* **What to produce**
The answer must be an exact copy of the lines from the one containing "সোমবারের ওই ভিডিওতে" through the last line of the records, with the pictures left out.
- - -
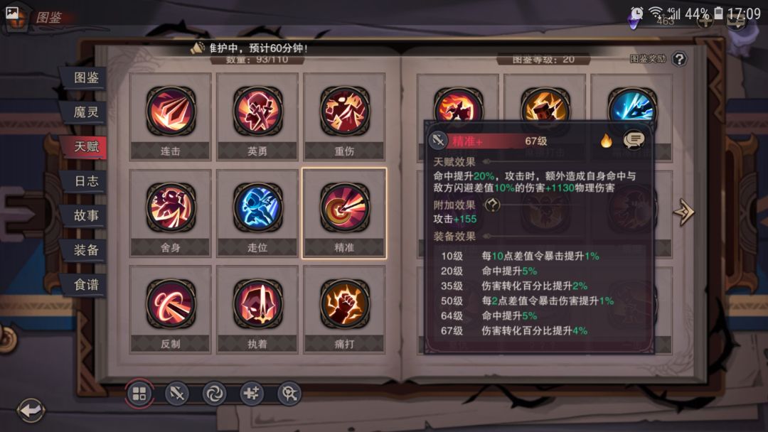 精准:增加命中,根据自身命中与目标闪避来附加额外伤害、暴击和爆伤。一周目怪物闪避除了乌鸦外感觉不明显,从二周目开始,怪物都开局自带各种增益buff,包括闪避暴击爆伤等,周目越高加成越多,时空高层怪物的强度也相当于高周目怪物,一刀下去miss,那攻击再高也都是无意义的,所以说精准这个天赋就是必带的。
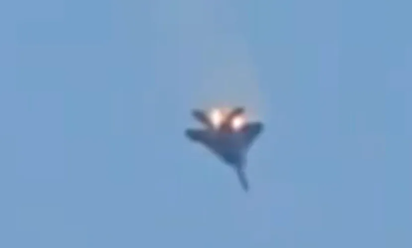 সোমবারের ওই ভিডিওতে দেখা গেছে, একটি যুদ্ধবিমানে আগুন লেগেছে। সে অবস্থায় এটি নিচে পড়ছে।
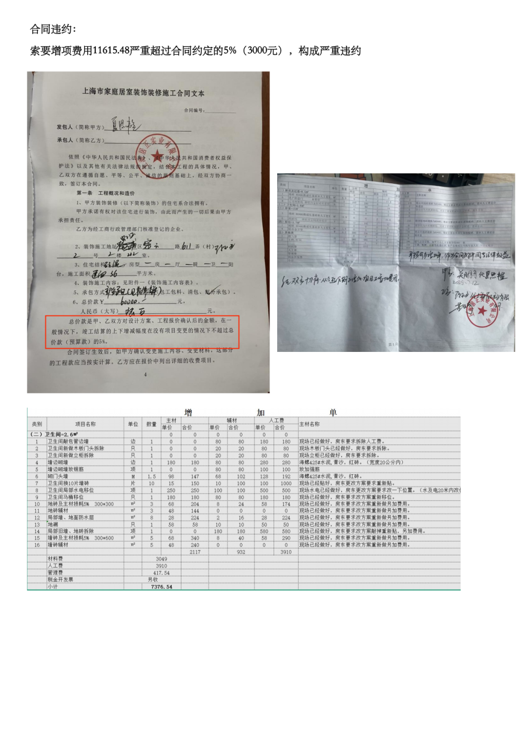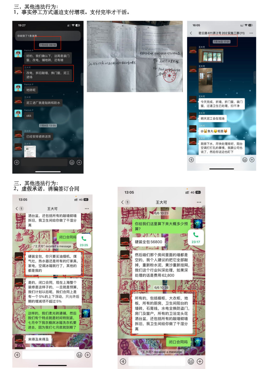 1,以事實(shí)停工方式脅迫支付超額增項(xiàng)費(fèi)用。合同明確約定增項(xiàng)金額不得超過總價(jià)5%。裝修公司在要求超額增項(xiàng)未果后,自2025年7月7日起至2025年7月13日無正當(dāng)理由停工長(zhǎng)達(dá)一周,以此事實(shí)行為向業(yè)主施壓,脅迫業(yè)主支付不合理費(fèi)用。
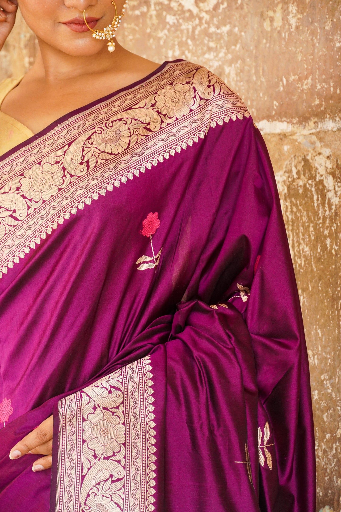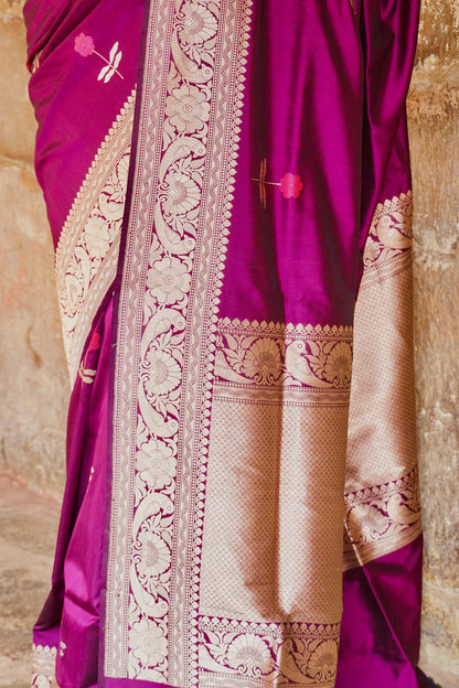 'Aayat' Wine Alfi Handweave Banarasi Katan Saree
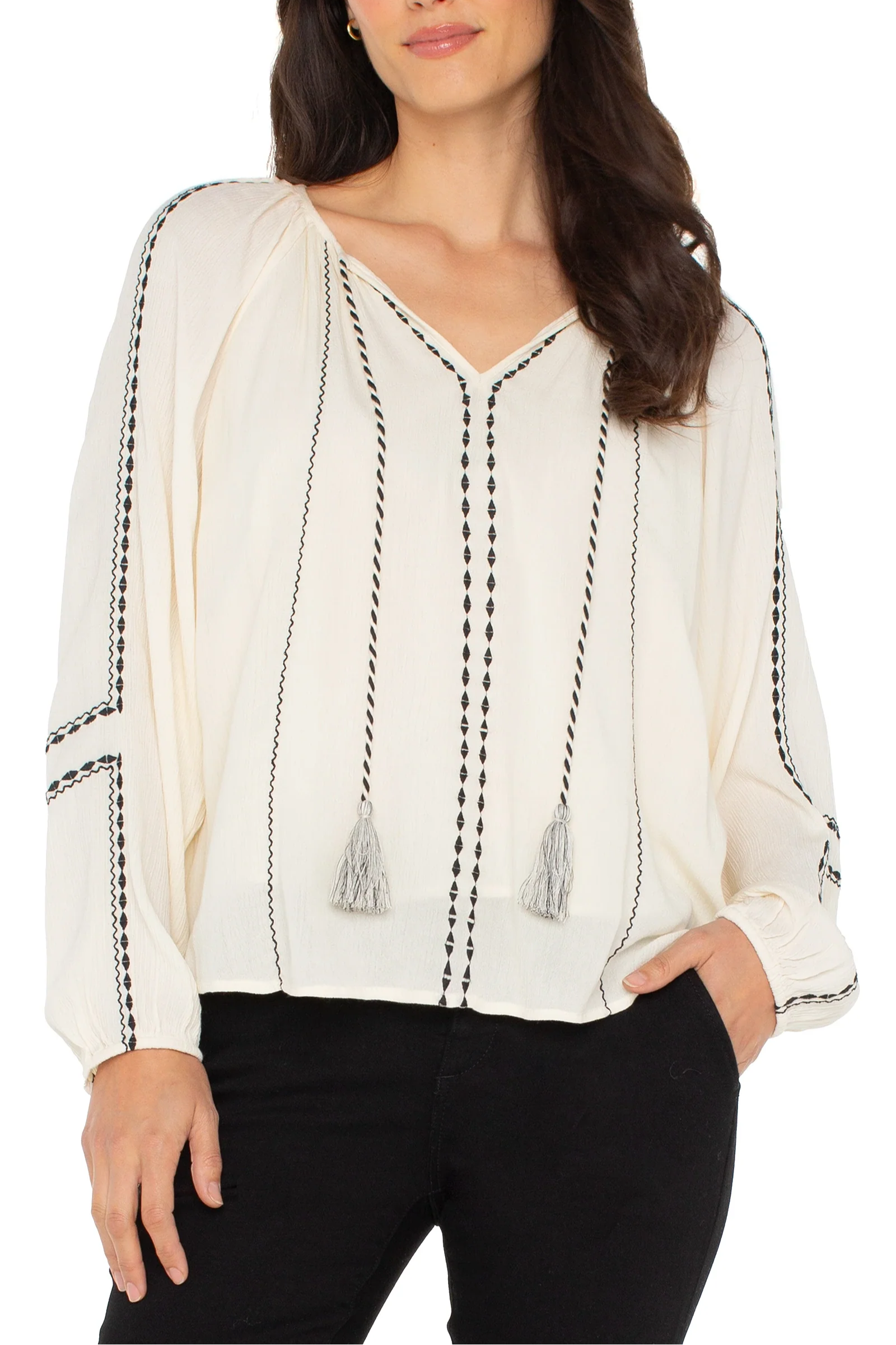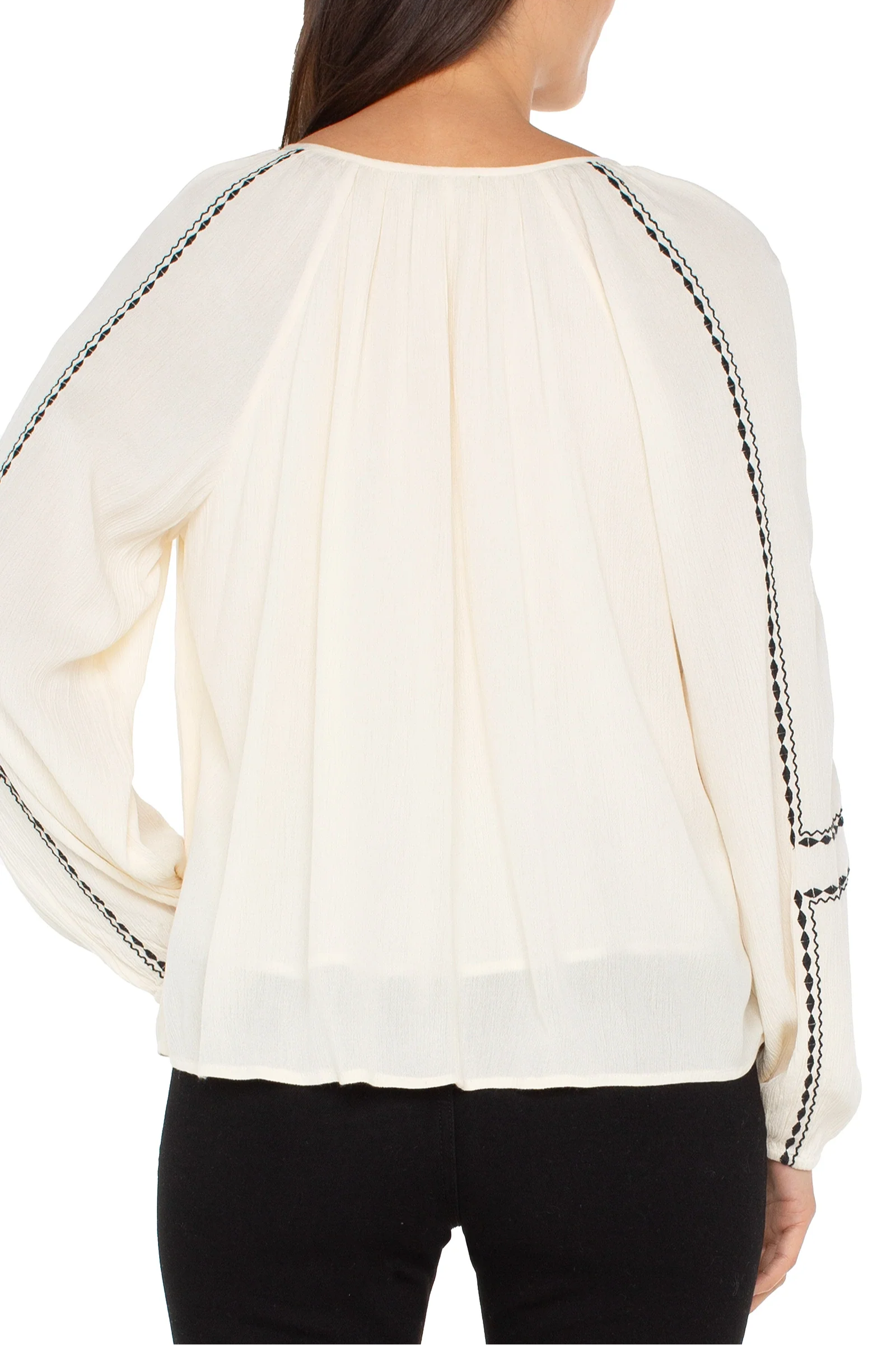 Laine Long Sleeve Woven Raglan Blouse With Embroidery
- - -
* **The completed task**
 সোমবারের ওই ভিডিওতে দেখা গেছে, একটি যুদ্ধবিমানে আগুন লেগেছে। সে অবস্থায় এটি নিচে পড়ছে।
 1,以事實(shí)停工方式脅迫支付超額增項(xiàng)費(fèi)用。合同明確約定增項(xiàng)金額不得超過總價(jià)5%。裝修公司在要求超額增項(xiàng)未果后,自2025年7月7日起至2025年7月13日無正當(dāng)理由停工長(zhǎng)達(dá)一周,以此事實(shí)行為向業(yè)主施壓,脅迫業(yè)主支付不合理費(fèi)用。
 'Aayat' Wine Alfi Handweave Banarasi Katan Saree
 Laine Long Sleeve Woven Raglan Blouse With Embroidery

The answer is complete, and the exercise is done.